Predicting Intent Behind Selections in Scatterplot Visualizations

Kiran Gadhave, Jochen Goertler, Zach Cutler, Carolina Nobre, Oliver Deussen, Miriah Meyer, Jeff Phillips, Alexander Lex


Intent-Inference screenshot

Abstract

Predicting and capturing an analyst’s intent behind a selection in a data visualization is valuable in two scenarios: First, a successful prediction of a pattern an analyst intended to select can be used to auto-complete a partial selection which, in turn, can improve the correctness of the selection. Second, knowing the intent behind a selection can be used to improve recall and reproducibility. In this paper, we introduce methods to infer analyst's intents behind selections in data visualizations, such as scatterplots. We describe intents based on patterns in the data, and identify algorithms that can capture these patterns. Upon an interactive selection, we compare the selected items with the results of a large set of computed patterns, and use various ranking approaches to identify the best pattern for an analyst's selection. We store annotations and the metadata to reconstruct a selection, such as the type of algorithm and its parameterization, in a provenance graph.

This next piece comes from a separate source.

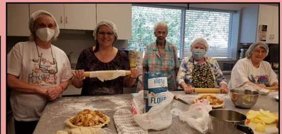
Pie Baking for bake sales and pie sales.

Catholic Daughters of the Americas "Meet and Greet" Sunday, September 18 at 2:00pm - OLV Activities Center Gardiner Social Hall. We are involved in many charitable activities. Come and see what we are all about!

We present a prototype system that implements these methods for tabular data and scatterplots. Analysts can select a prediction to auto-complete partial selections and to seamlessly log their intents. We discuss implications of our approach for reproducibility and reuse of analysis workflows. We evaluate our approach in a crowd-sourced study, where we show that auto-completing selection improves accuracy, and that we can accurately capture pattern-based intent.


Citation

Kiran Gadhave, Jochen Goertler, Zach Cutler, Carolina Nobre, Oliver Deussen, Miriah Meyer, Jeff Phillips, Alexander Lex
Predicting Intent Behind Selections in Scatterplot Visualizations
Information Visualization, 20(4): 207–228, doi:10.1177/14738716211038604, 2021.


Acknowledgements

We thank the domain experts we interviewed for their time and their willingness to provide datasets, and Lane Harrison and members of the Visualization Design Lab for feedback. We gratefully acknowledge funding by the National Science Foundation (IIS 1751238) and by the Deutsche Forschungsgemeinschaft (251654672-TRR 161).